(Prompt):
The records below are to be reproduced exactly, with the pictures left out.

***

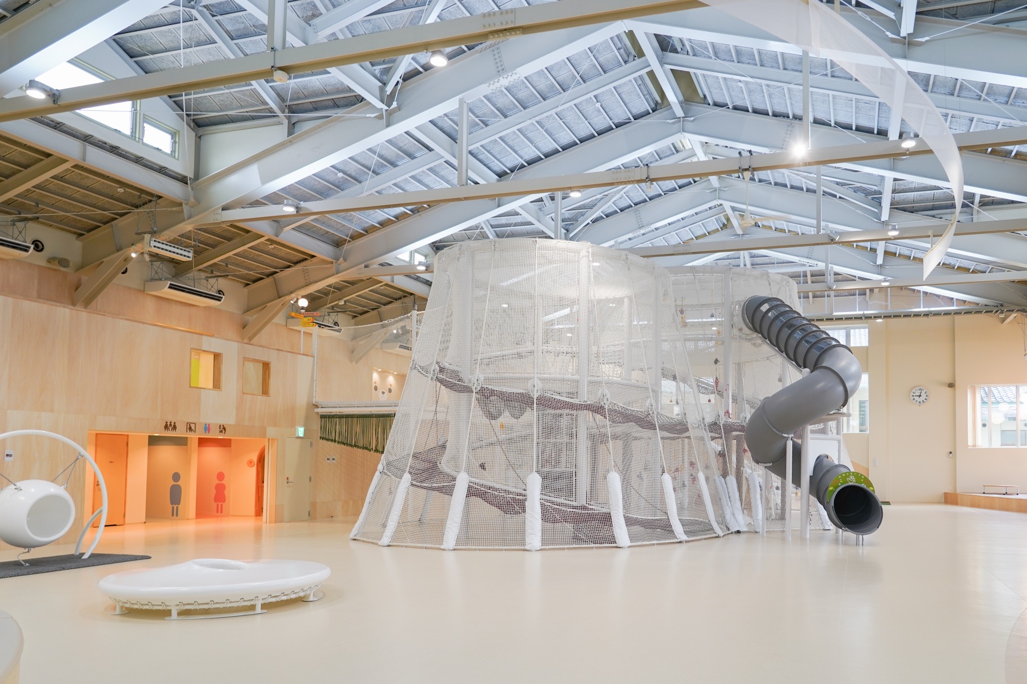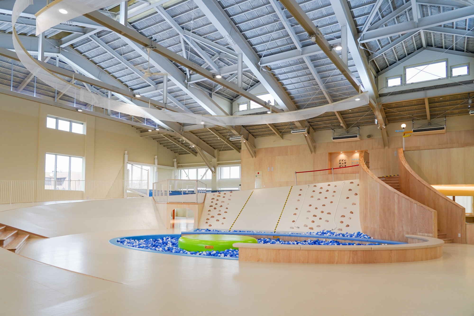 広々とした施設内には、坂井市の特徴を活かした遊具や、子どもたちが思いきり体を動かして遊べる仕掛けがいっぱい!
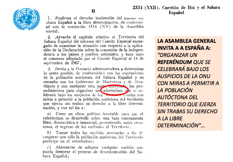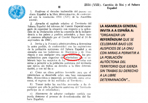 La Asamblea General exige a España que organice la votación bajo los auspcios de Naciones Unidas y «en consulta con los Gobiernos de Marruecos y de Mauritania y con cualqueir otra parte interesada». Pero, la primera condición de esta consulta, es que debe respetar las aspiraciones de la población autóctona del Sahara español.
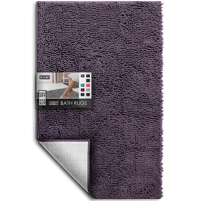 Hearth & Harbor Striped Bathroom Rug, Ultra Soft Large Chenille Bath Mat - Purple
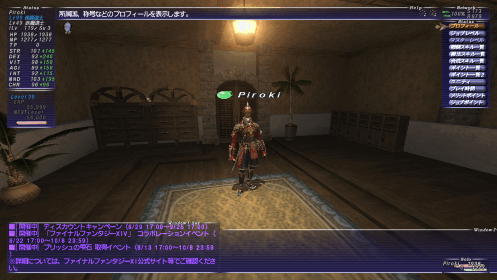 <me>の部分を<pet>に変えると、召喚獣やペットのステータスも確認できます。
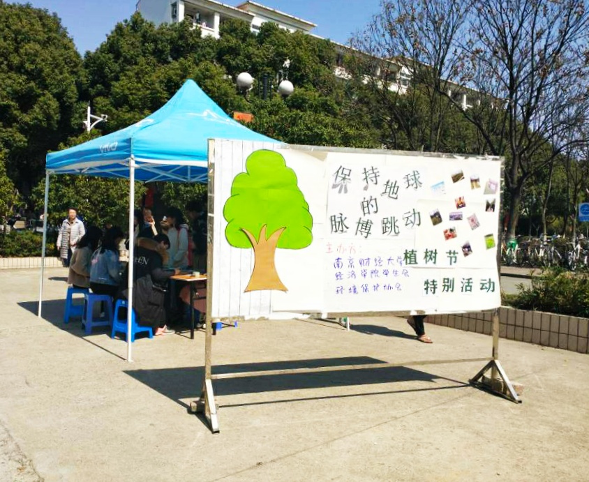 联合环境保护协会于3月12日在中苑食堂联合开展“保持地球的脉搏跳动”植树节活动,活动吸引了全校师生共同参与。
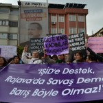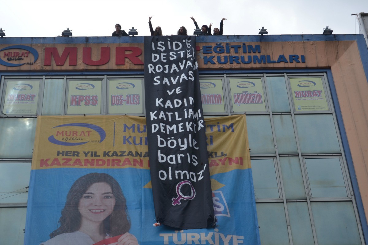 İstanbul Kadıköy’de kadınlar, “IŞİD’e destek Rojava’da savaş demektir, böyle barış olmaz” pankartıyla iskeleden AKP Kadıköy ilçe binasına yürüdü. Barış İçin Kadın Girişimi çağrısı ile bir araya gelen 36 kadın örgütü Kadıköy-Beşiktaş İskelesi’nde toplanarak AKP Kadıköy İlçe binasına yürüdü.
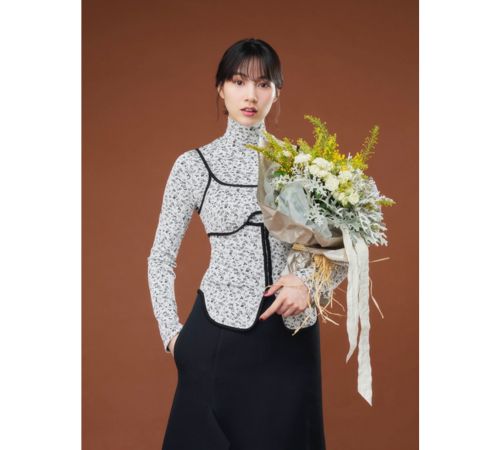 あわせて、ブラウンの背景を背にウエストラインを強調するデザインが印象的な小花柄のハイネックトップス、ブラックのミディ丈スカート、足元には深みのある赤のストラップシューズを合わせたクラシカルでシックなバレンタインらしいコーディネートで、花束を抱えた姿を披露。
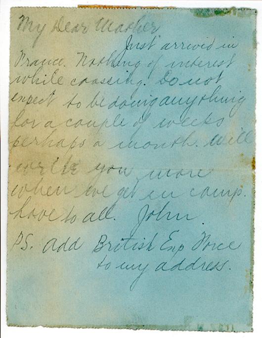 Just arrived in France. Nothing of interest while crossing. Do not expect to be doing anything for a couple of weeks perhaps a month. Will write you more when we get in camp. Love to all. John

***

(Solution below):
 広々とした施設内には、坂井市の特徴を活かした遊具や、子どもたちが思いきり体を動かして遊べる仕掛けがいっぱい!
 La Asamblea General exige a España que organice la votación bajo los auspcios de Naciones Unidas y «en consulta con los Gobiernos de Marruecos y de Mauritania y con cualqueir otra parte interesada». Pero, la primera condición de esta consulta, es que debe respetar las aspiraciones de la población autóctona del Sahara español.
 Hearth & Harbor Striped Bathroom Rug, Ultra Soft Large Chenille Bath Mat - Purple
 <me>の部分を<pet>に変えると、召喚獣やペットのステータスも確認できます。
 联合环境保护协会于3月12日在中苑食堂联合开展“保持地球的脉搏跳动”植树节活动,活动吸引了全校师生共同参与。
 İstanbul Kadıköy’de kadınlar, “IŞİD’e destek Rojava’da savaş demektir, böyle barış olmaz” pankartıyla iskeleden AKP Kadıköy ilçe binasına yürüdü. Barış İçin Kadın Girişimi çağrısı ile bir araya gelen 36 kadın örgütü Kadıköy-Beşiktaş İskelesi’nde toplanarak AKP Kadıköy İlçe binasına yürüdü.
 あわせて、ブラウンの背景を背にウエストラインを強調するデザインが印象的な小花柄のハイネックトップス、ブラックのミディ丈スカート、足元には深みのある赤のストラップシューズを合わせたクラシカルでシックなバレンタインらしいコーディネートで、花束を抱えた姿を披露。
 Just arrived in France. Nothing of interest while crossing. Do not expect to be doing anything for a couple of weeks perhaps a month. Will write you more when we get in camp. Love to all. John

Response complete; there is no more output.